*WORK TASK:*
Please return the lines from the one with "39 Beholde my" through the end of the listing below, word for word, with every picture left out.

*GIVEN MATERIAL:*

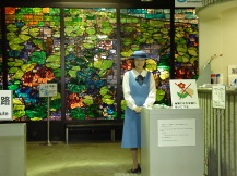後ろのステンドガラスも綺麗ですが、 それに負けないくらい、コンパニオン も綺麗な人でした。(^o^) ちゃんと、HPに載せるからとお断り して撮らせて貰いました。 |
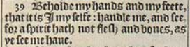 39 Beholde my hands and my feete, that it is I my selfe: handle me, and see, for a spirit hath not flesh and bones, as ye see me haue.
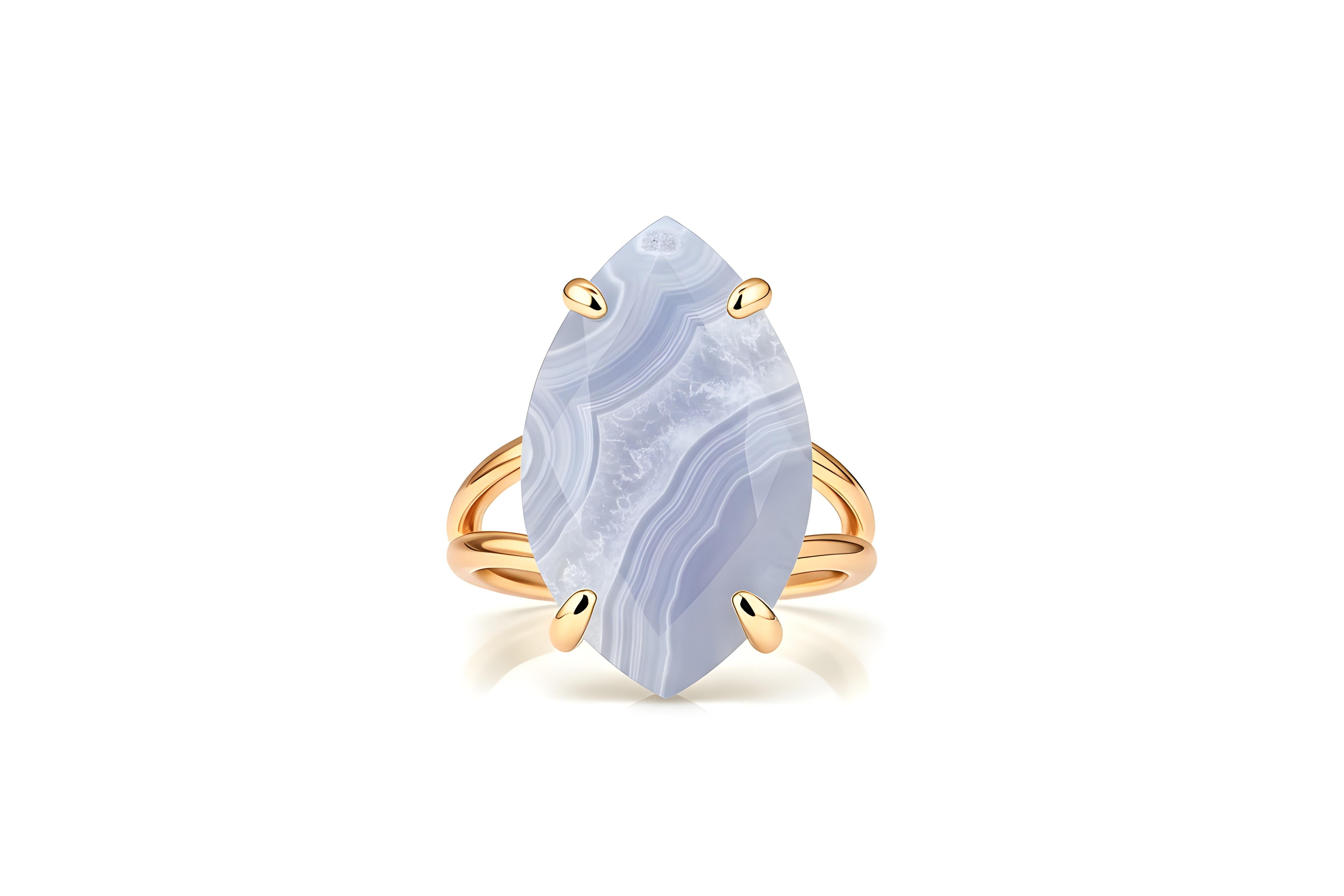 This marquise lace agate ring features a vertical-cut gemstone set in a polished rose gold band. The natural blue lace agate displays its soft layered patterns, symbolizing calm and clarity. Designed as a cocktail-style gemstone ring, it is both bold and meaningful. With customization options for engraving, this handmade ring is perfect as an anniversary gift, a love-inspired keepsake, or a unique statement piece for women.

*PROBLEM SOLUTION:*
 39 Beholde my hands and my feete, that it is I my selfe: handle me, and see, for a spirit hath not flesh and bones, as ye see me haue.
 This marquise lace agate ring features a vertical-cut gemstone set in a polished rose gold band. The natural blue lace agate displays its soft layered patterns, symbolizing calm and clarity. Designed as a cocktail-style gemstone ring, it is both bold and meaningful. With customization options for engraving, this handmade ring is perfect as an anniversary gift, a love-inspired keepsake, or a unique statement piece for women.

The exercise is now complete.